Zimmer still tries to minimize the problem by more or
less blaming the “Durom surgeons” not having used the
prescribed surgical technique to fit the cups. But if that were true, how then
in the whole world can this incorrect use of the surgical technique by surgeons
ever apply only to certain series of the cups? What is Zimmer trying to hide
this time? See: http://www.mhra.gov.uk/home/idcplg?IdcService=GET_FILE&dDocName=CON059966&RevisionSelectionMethod=LatestReleased or: http://resurfacingscan.be/Durom-Zimmers
Own Admittance.pdf
------------------------------------
About 1200 patients in the USA have received a Durom acetabular cup together with the Durom
cap (for resurfaced patients) or the Durom stemmed
head (for patients receiving Total Hip Arthroplasty).
Question:
Is the cup failure limited to just one of these two
groups or to both of them?
One problem that Dr. Larry Dorr of the “Dorr Institute for
Arthritis Research and Education” found out is that the cup’s loosening does
not have to show up on x-ray images, this becomes clearer only under time
(perhaps some years even). Only prying or pushing on the cup’s rim while opened
up in an operation will make the cup move and show that the cup lacked proper
bone ingrowth. A cup may also migrate in the patient under other circumstances,
perhaps at times when the lubrication from the synovial fluid lacks and high
friction exists.
Normally the bone ingrowth into the porous coating of acetabular cups
will improve under time but the Durom cups under
investigation seem to do just the opposite.
This website talks about Dr.Dorr’s
findings and the sluggish response from Zimmer:
http://www.defective-implant.com/implant/durom.php
For those of you that have a Durom
Hip Resurfacing, here is a brochure on it in PDF format:
http://www.jointline.co.uk/downloads/Durom_Hip_Resurfacing_ST.pdf
Zimmer does admit that some very experienced surgeons
reported difficulties to implant the Durom cup.
http://www.youhaverights.com/legal_updates/read/zimmer-suspends-sales-of-durom-cup-hip-device
An American law firm writes about orthopaedic
surgeons insisting that the acetabular cup itself is the cause for the
loosening in patients. Zimmer however keeps denying and this could have great
consequences if more cups loosen even when the surgeons have followed the
adapted instructions from Zimmer to the letter.
http://www.duromrecall.com
This is a site from Zimmer that gives some
specifications for the Durom components:
http://www.zimmer.co.za/z/ctl/op/global/action/1/id/9226/template/MP/prcat/M2/prod/y
Reading between the lines, the following website
suggests that the present Durom acetabular cup in
fact originated from the company Centerpulse that has
in the past had problems with their own Sulzer
acetabular cup.
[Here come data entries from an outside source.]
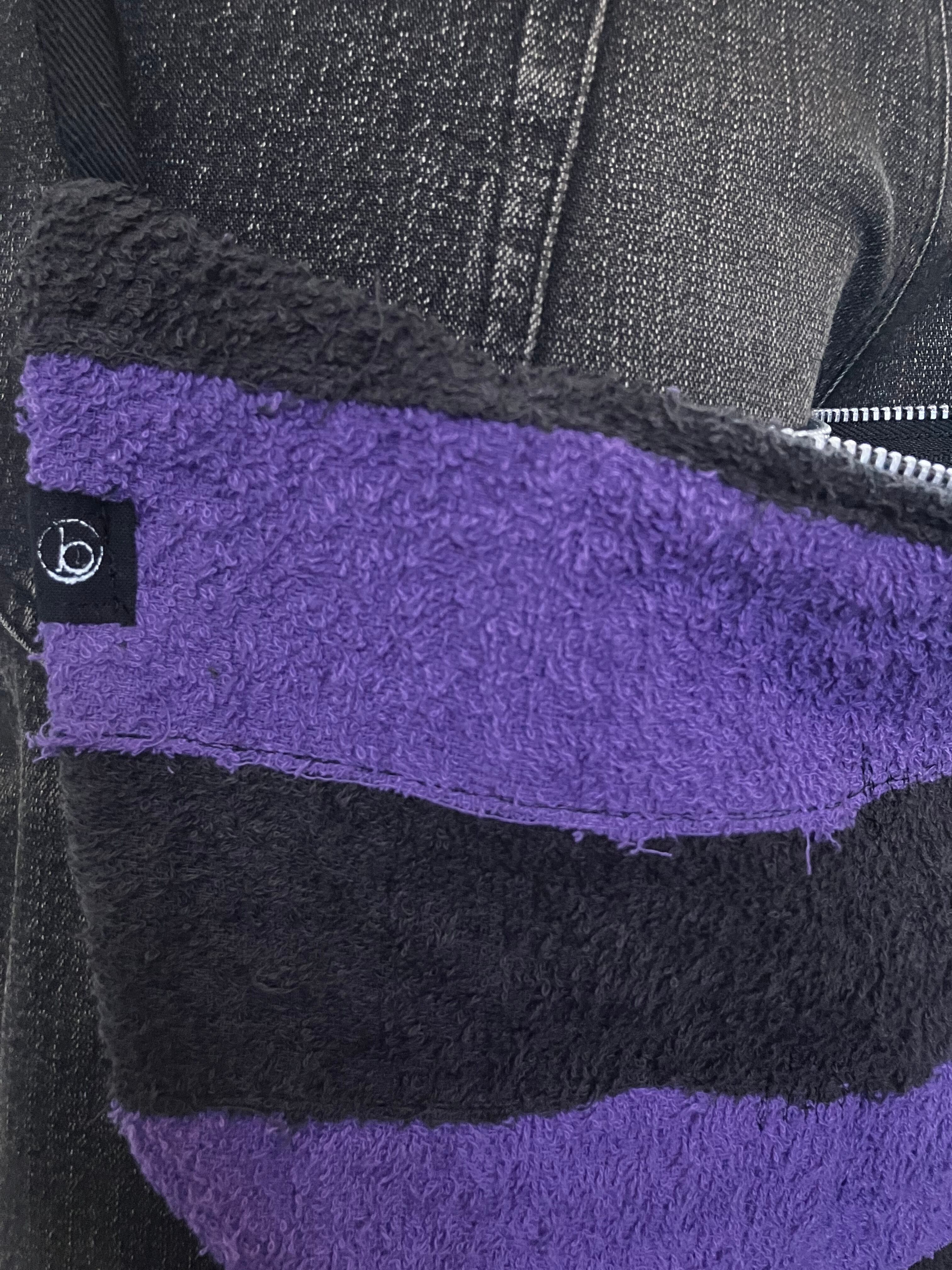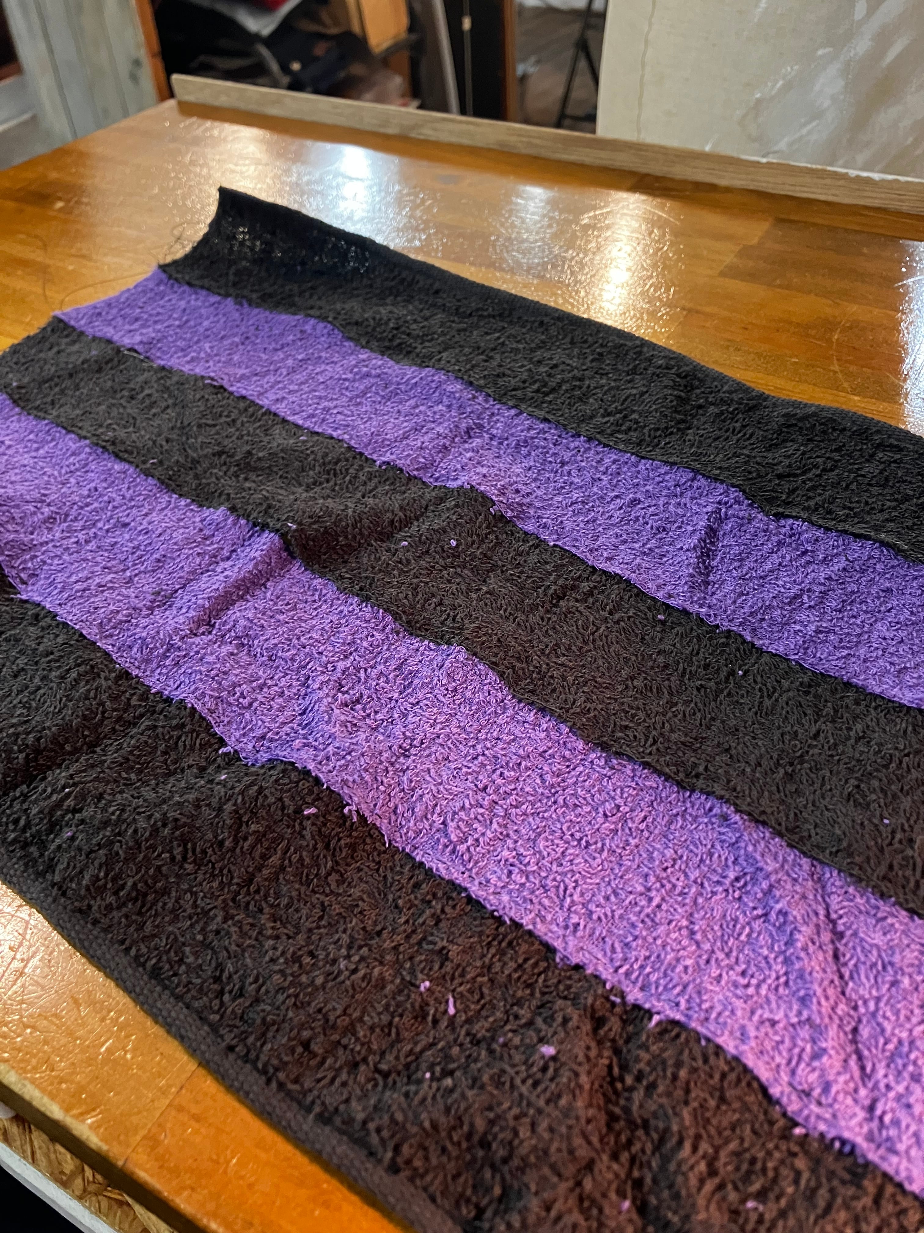 黒と紫のタオルをボーダーにツギハギして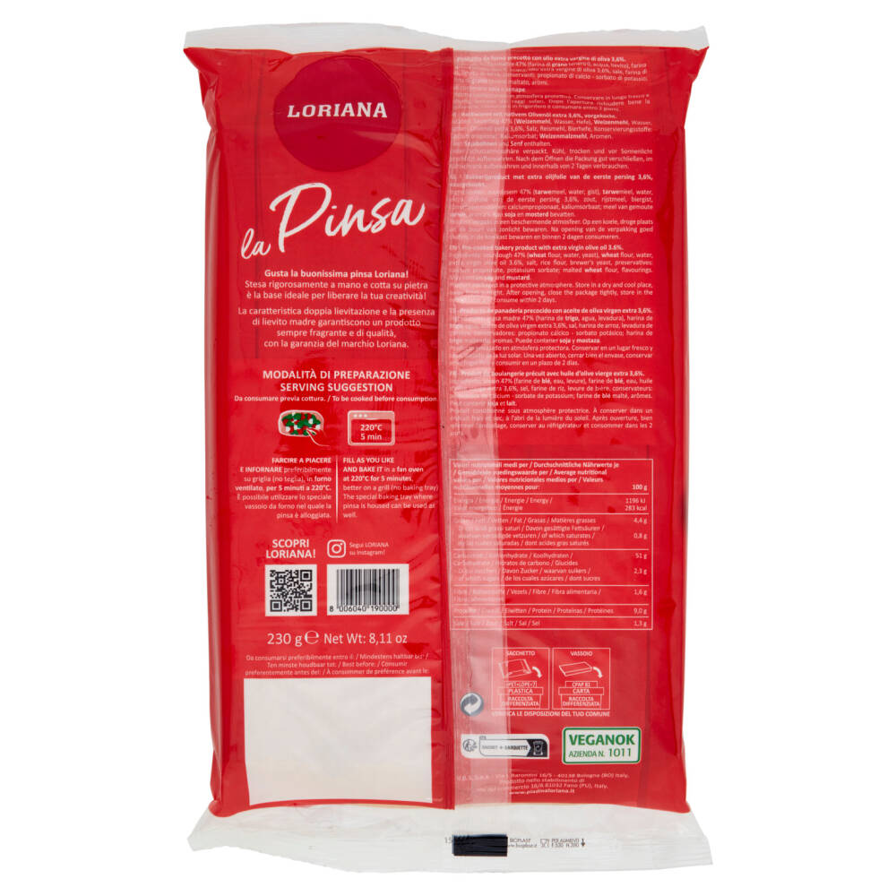 Farcire a piacere e infornare preferibilmente su griglia (no teglia), in forno ventilato, per 5 minuti a 220°C. È possibile utilizzare lo speciale vassoio da forno nel quale la pinsa è alloggiata.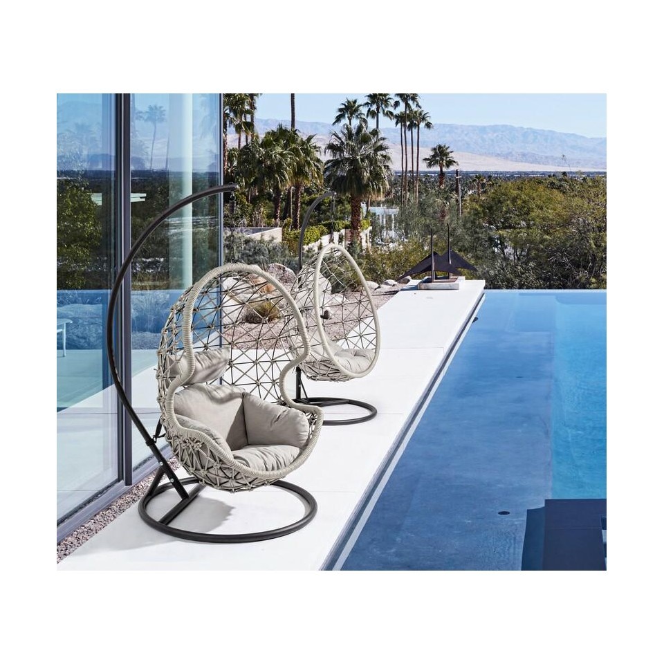 Fotel wiszący Kelly to idealne miejsce do wypoczynku w ogrodzie, na tarasie lub balkonie. Otulająca konstrukcja sprzyja relaksowi i pozwala na chwilę wytchnienia na świeżym powietrzu. Stabilna forma zapewnia bezpieczeństwo, a nowoczesny design sprawia, że fotel pełni również funkcję dekoracyjną. To doskonały wybór dla osób ceniących komfort i styl.

Is there something to learn from this?
https://www.espicom.com/prodcat.nsf/Product_ID_Lookup/00002243?OpenDocument
Also, have a look at the address of the Zimmer
company:
Sulzer Allee 8
P.O. Box CH-8404
Winterthur - Switzerland
Doesn’t this indicate a connection with the Sulzer company who had an acetabular cup problem in the
past? Is it largely the same cup that is used now in the Durom
system?
Many patients have been injured due to Durom cups failure:
http://www.productdefectnewsandadviceblog.com/2008/07/defective_durom_cups_have_inju.html
Zimmer prefers a settlement with patients, logic,
since the settled amount would be much less than what Zimmer otherwise would
have to pay patients in independent cases.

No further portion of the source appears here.